The Midwest Carbon Express is on shaky ground all along its multi-state route. Summit is seeking a permit in Iowa with only two-thirds of easements voluntarily signed. Hundreds of Iowa landowners refuse to sign and choose instead to face the prospect of eminent domain. Minnesota requires an Environmental Impact Study and will not allow eminent domain to be used for this project. South Dakotans are outraged by the lack of action in their legislature, and thousands have signed a petition demanding Governor Kristi Noem call a special session.

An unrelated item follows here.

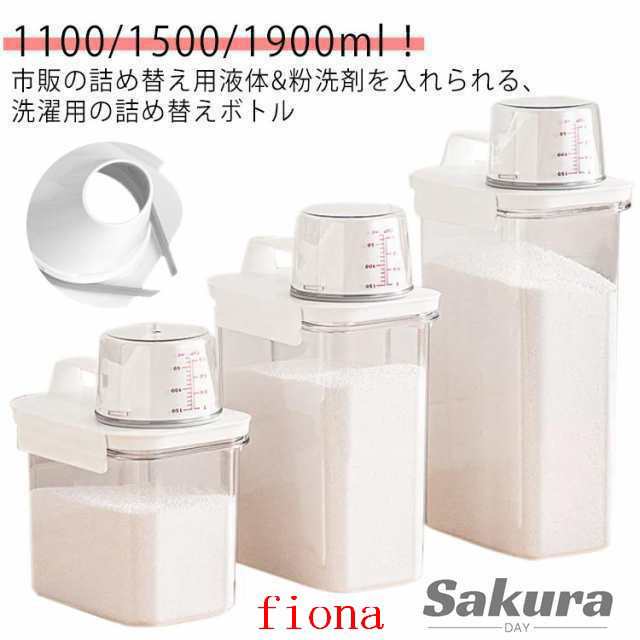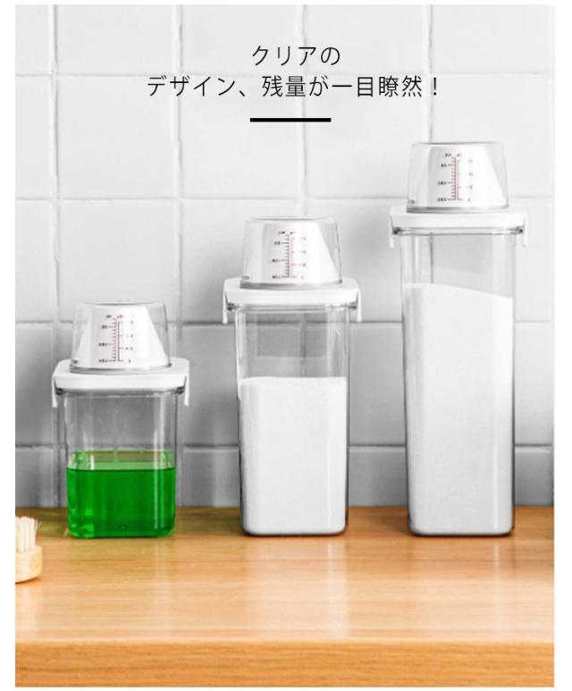 | 1100/1500/1900ml!市販の詰め替え用液体&粉洗剤を入れられる、洗濯用の詰め替えボトル ボトルキャップにはメモリが付いているので簡単に計量できます? 詰め替え時に便利な大口デザインなのもポイント◎ クリアのデザイン、残量が一目瞭然! | |

Summit’s risky CO2 pipeline faces strong opposition. Environmentalists, conservatives, Indigenous peoples, Republicans, Democrats, independents, and civic groups have joined with impacted landowners to stop one of the biggest land grabs in recent U.S. history. A recent Iowa Poll by Selzer & Co for the Des Moines Register found that 78 percent of Iowans across all demographics oppose the use of eminent domain for the dangerous CO2 pipelines being built by a private company for profit.
In Iowa, Summit-impacted landowners, the Sierra Club, and other interested parties have been frantically preparing for the Iowa Utilities Board hearing for Summit’s permit, scheduled to begin in two short weeks on August 22. Recently, the board unexpectedly rescheduled the hearing from an anticipated start in October. This move by the Iowa Utilities Board was a sucker-punch to intervenors, who suddenly had months less time to prepare testimony and consult with legal counsel.
Now that Summit has no way to get to the sequestration site in North Dakota, and the Midwest Carbon Express has no endpoint, the board should postpone its hearing indefinitely. Without a carbon storage and sequestration location, there is no reason to waste time, resources, and tax-payer money to hold a hearing on a half-baked proposal for Summit’s permit.
The Iowa Utilities Board needs to put the brakes on the Midwest Carbon Express. There is no urgent need to approve a permit for a dangerous CO2 pipeline to nowhere.
Top photo of the Ewoldt farm in Crawford County provided by the author and published with permission.
3 Comments
Arrogance karma
Summit and its competitors have not been transparent about their goals and means. This is surprising because Carbon sequestration is a national priority to mitigate climate change. The large tax credits are a testimony of the relevance of their efforts. Had Summit and competitors treated landowners more respectfully, explained the ecological benefits better, they may have had an easier way through.
Karl M Sat 5 Aug 12:35 PM
Steve King
Odd to see Bleeding Heartland and former Congressman Steve King on the same side.
Farmers will realize another dollar a bushel for corn if states accept the carbon credits offered by the feds. If the world has decided on green energy then we have find a way to include ethanol in that equation. Carbon storage and the carbon credits would be the solution. Each ethanol plant uses 80 million bushels of corn every year. We can’t lose that. Other options are too expensive.
Tough problem. We should be able to figure out.
tyrone2101 Sun 6 Aug 7:17 AM
Thank you, Bonnie Ewoldt...
for writing this post and for working on this issue.